Extending the harness was pretty simple. I just peeled back the wiring sleeve and cut the power/ground cables off.
I then connected butt-splice connectors on each wire and then ran another 9′ of wire. Finally, I reconnected the wire connectors that I cut off in order to connect the last light up to the harness.
After I tested the last Cyclone, I ran some wiring loom around the extended wiring harness for a cleaner/ easier feed from frame rail to frame rail.
Beam Pattern/ Light Output
I wanted the beam pattern to project beyond the front bumper/front tire. I knew the Cyclones were capable of lighting up enough of the ground area, it was really just a question of where to mount the actual lights to get the proper beam pattern. From the images, you can see, we ended up with a pretty good spread for now, until we mount a new front bumper. Also, our passenger side shoots about 1′ past the driver side in the front here. I have since adjusted and corrected that. They are about 3″ off now.

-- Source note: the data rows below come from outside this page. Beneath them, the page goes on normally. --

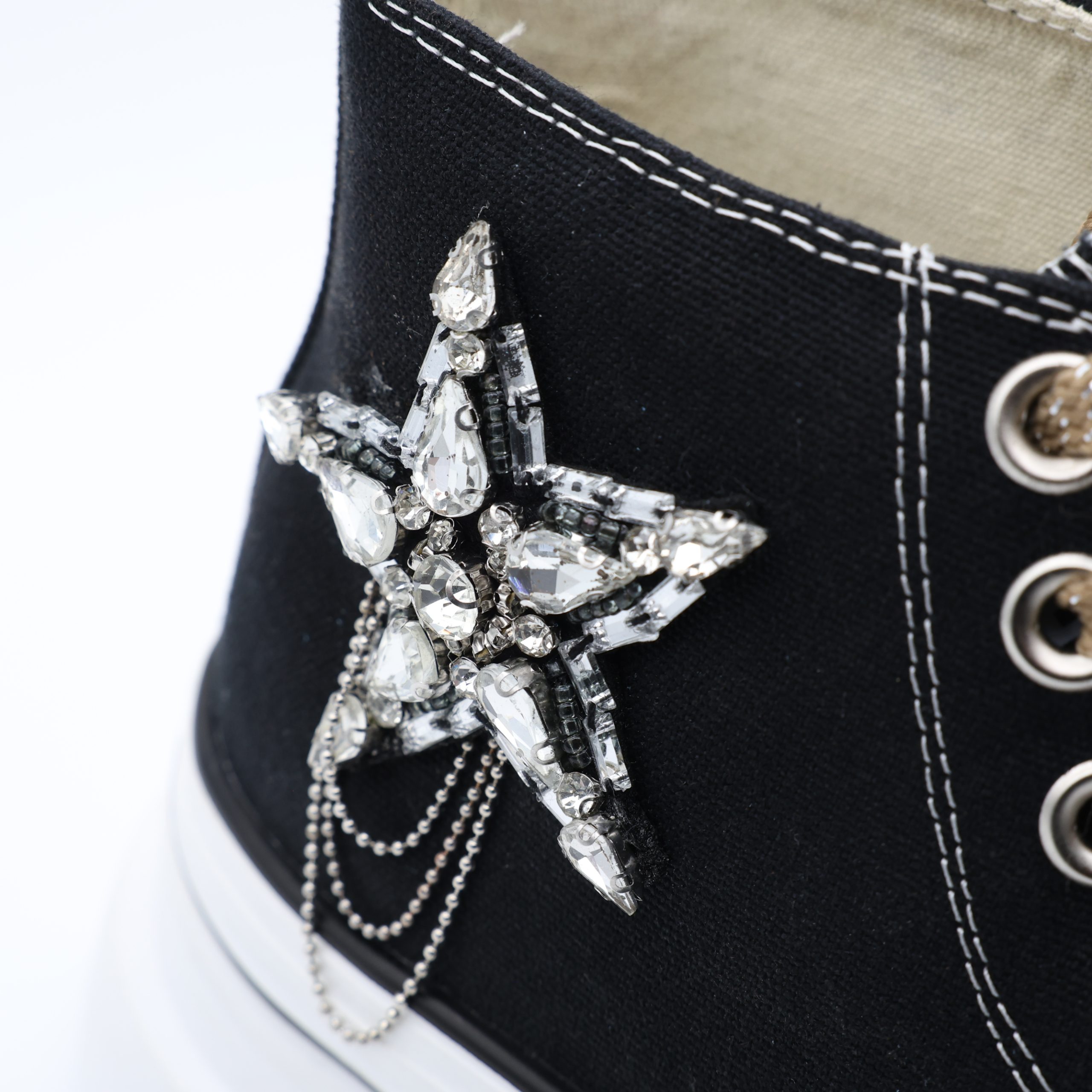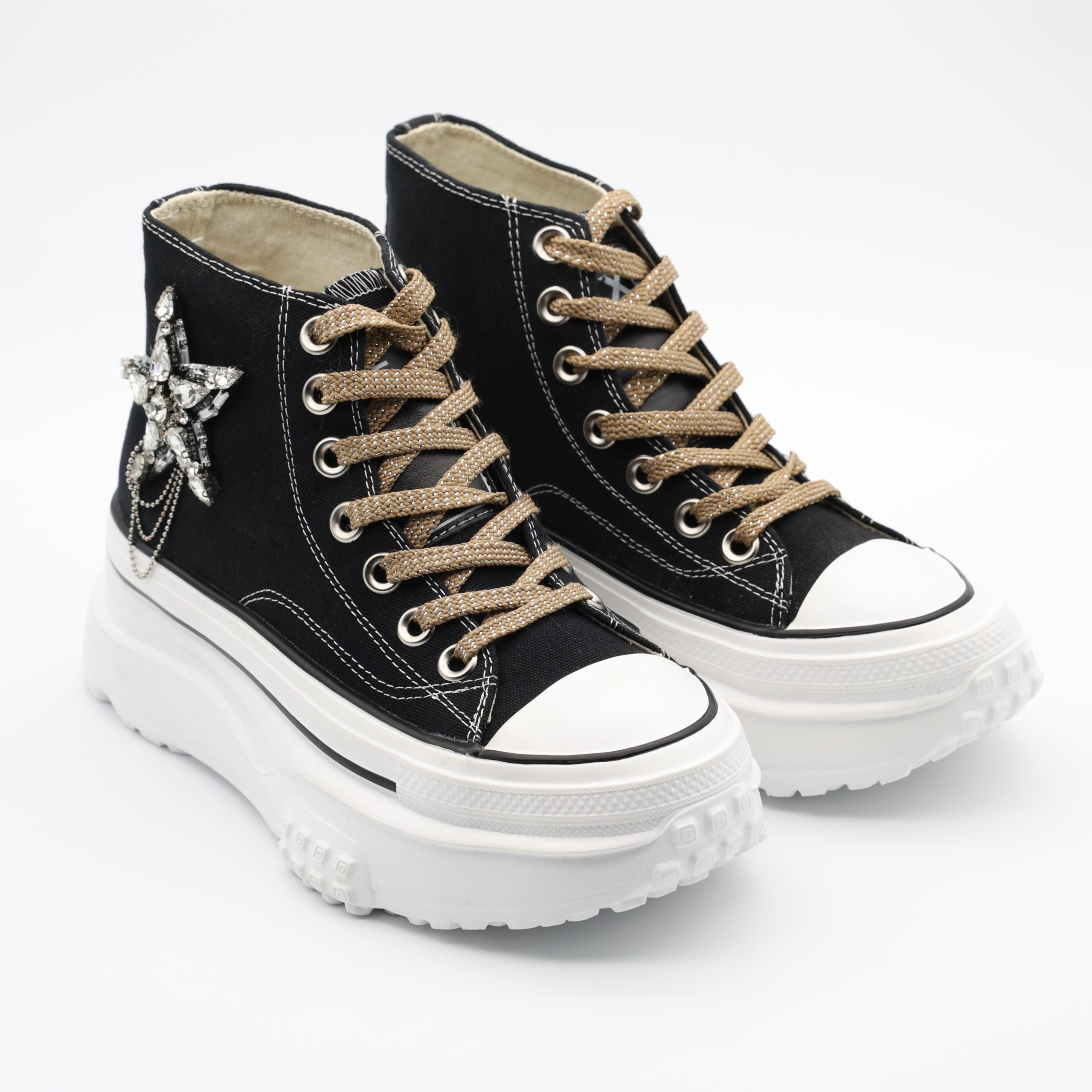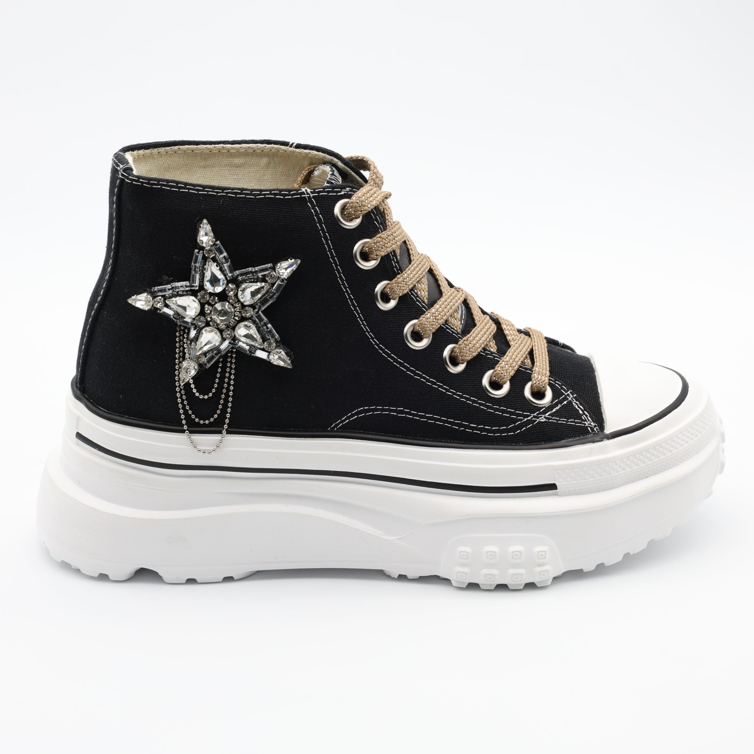 Os Ténis EXÉ SY24-3 combinam estilo arrojado e conforto num design marcante que não passa despercebido. O destaque vai para a aplicação em forma de estrela com cristais e correntes metálicas, que acrescenta um toque glam ao visual urbano.
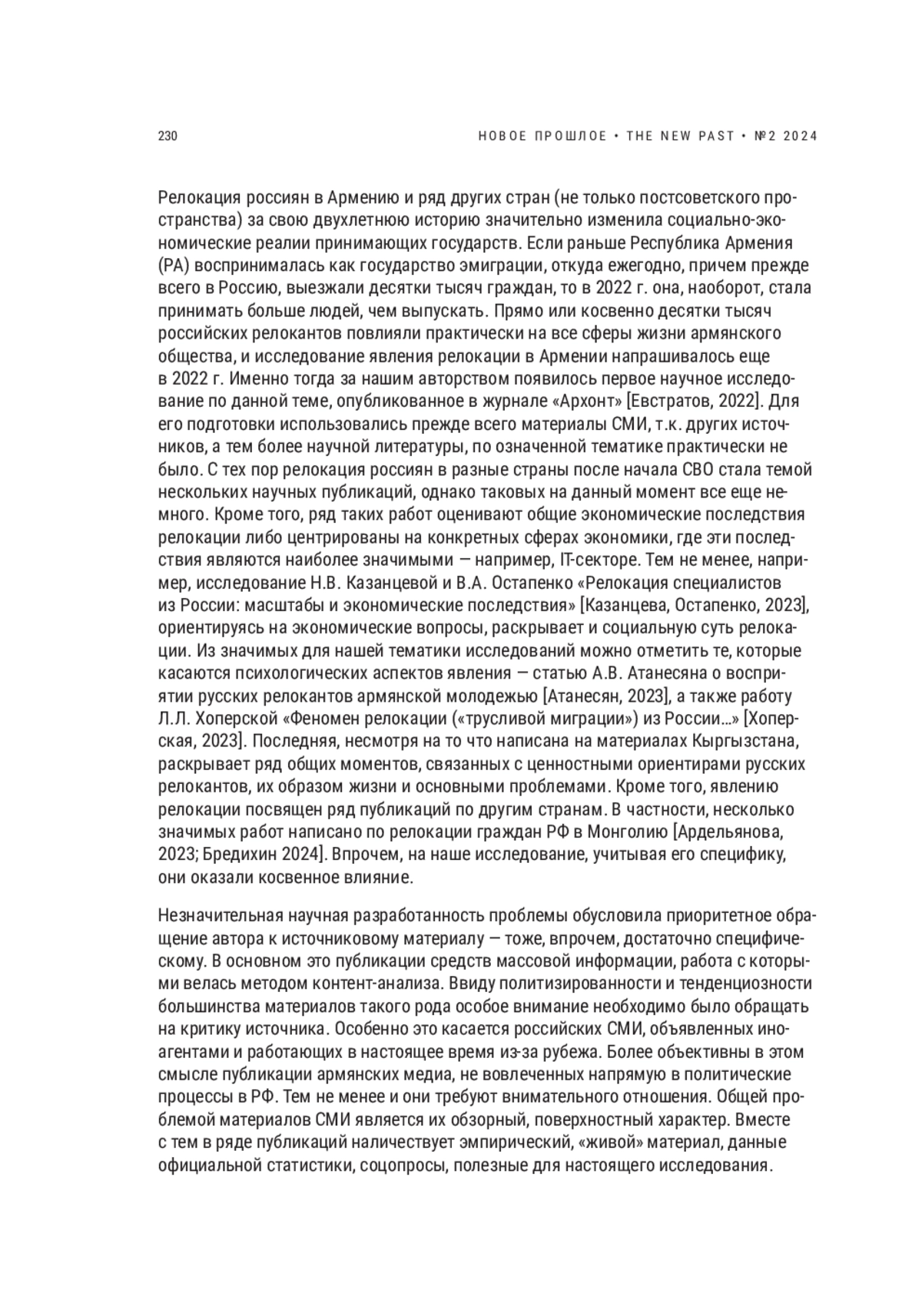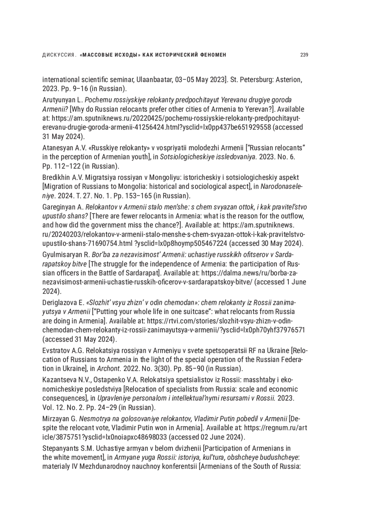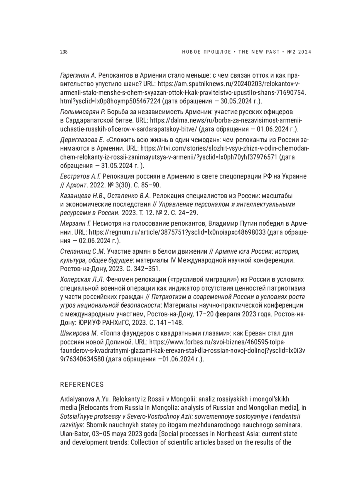 3. Атанесян А.В. “Русские релоканты” в восприятии молодежи Армении // Социологические исследования. 2023. № 6. С. 112-122. EDN: BZDWLZ
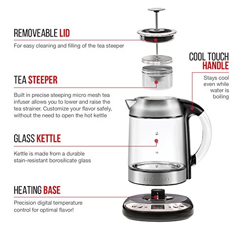 VERSATILE - great for tea, coffee, instant oatmeal and more; has an option to keep water at the desired temperature for up to 60 minutes; bonus tea infuser is included with purchase for brewing your favorite loose-leaf or bagged teas directly in the stain-resistant borosilicate glass kettle
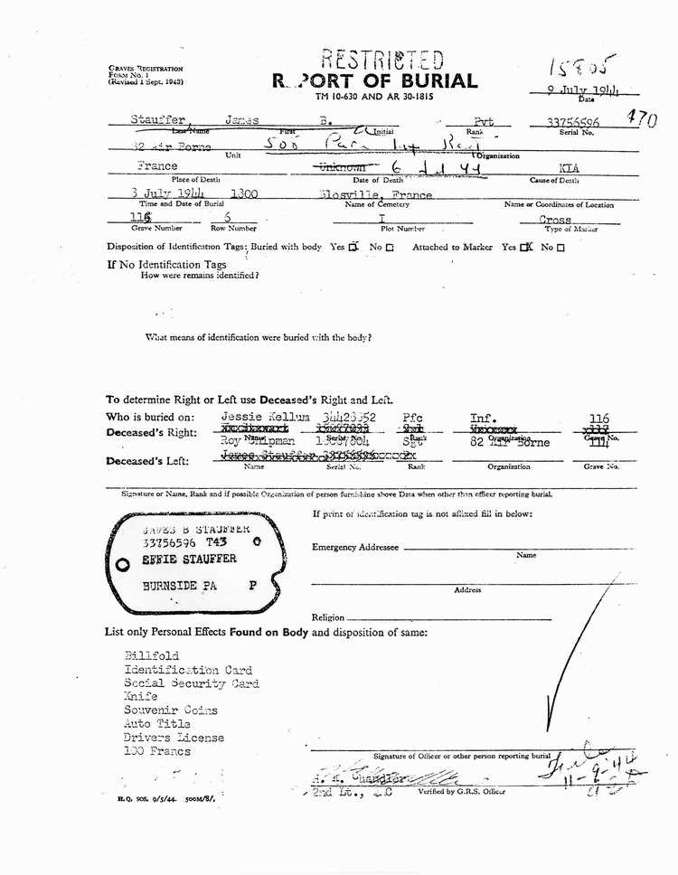 Report of Burial (at let) the grave of Pvt. Roy Chipman, also of Company
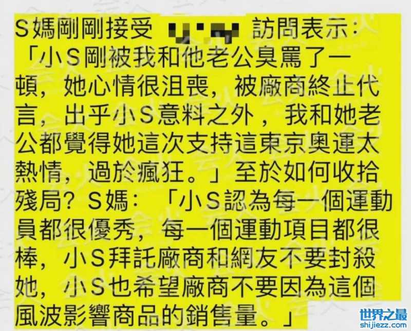 对于女儿的言行,小S的妈妈也表示:女儿刚被我和他老公臭骂了一顿,现在的她心情很沮丧,被厂商终止代言,出乎小S意料之外,我和她老公都觉得她这次支持这东京奥运太热情,过于疯狂。”

The Cyclones are rated at 516 raw lumens each.
We wanted to take it a step future and take our own measurements.
Cyclone Light Output
We pulled out the Lux meter and measured the intensity. We took the Lux directly underneath the front rock slider light to the ground. Then we converted it to Candela, using this tool.
We probably didn’t need to go this far but it will give you an idea of the light volume and intensity. Eventually, we will grab the RGB lights and compare them back to back.
LUX is typically measured at 10 Meters and within a square meter of space at the 10M target. We didn’t have 10 Meters to work with, so measuring the distance to the light and taking a Lux reading was the best we could do.
If anyone else out there has a better way to measure the intensity, please let me know.